Luce e gas: rincari “sospetti” per la Tobin tax

Molte imprese energetiche che pagano la Robin tax sembrano ‘rifarsi’ sui consumatori, violando la legge. E’ quanto emerge dal Rapporto dell’Autorità per l’energia che segnala 199 casi, per un totale di circa 1,6 mld di incremento dei margini ‘dovuti all’effetto prezzo e tali da costituire una possibile violazione del divieto di traslazione’.
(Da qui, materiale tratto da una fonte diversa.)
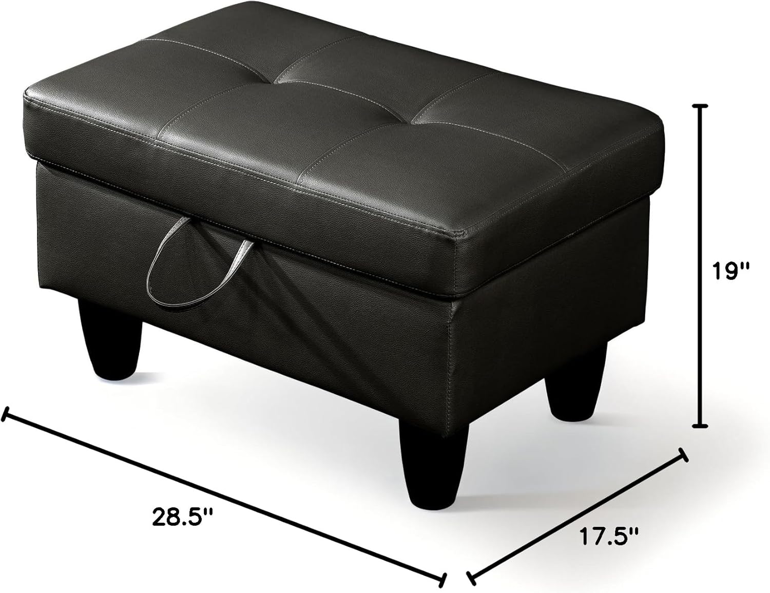 • DIMENSIONS: Measuring 28.5" L x 19" W x 17.5" H, this storage ottoman is perfectly sized to fit effortlessly into your space. With a weight capacity of up to 300 lbs, it offers both style and durability, serving as a sturdy seating option or reliable storage solution for your home.

L’Autorità è tenuta per legge a svolgere l’attività di vigilanza in merito alla cosiddetta Robin Tax, vale a dire l’addizionale Ires imposta alle imprese energetiche nel giugno del 2008, che non può essere ‘traslata’ sui consumatori, e quindi né in bolletta né, per esempio, sulla benzina e il gasolio. La legge vieta infatti esplicitamente alle imprese “di traslare l’onere della maggiorazione d’imposta sui prezzi al consumo” a affida proprio all’Autorità per l’energia elettrica e il gas il compito di vigilare “sulla puntuale osservanza della disposizione”. Ebbene, nella Relazione al Parlamento licenziata il 24 gennaio scorso l’Autorità evidenzia un quadro fortemente critico, in cui appare evidente che molte imprese si rifanno proprio sui consumatori. Nel corso dell’attività di vigilanza svolta lo scorso anno sui dati relativi al 2010, infatti, l’Autorità ha ‘pizzicato’ 199 operatori (sui 476 totali), di cui 105 appartenenti al settore dell’energia elettrica e gas e 94 a quello petrolifero, in cui “é stata riscontrata una variazione positiva del margine di contribuzione semestrale riconducibile, almeno in parte, alla dinamica dei prezzi”.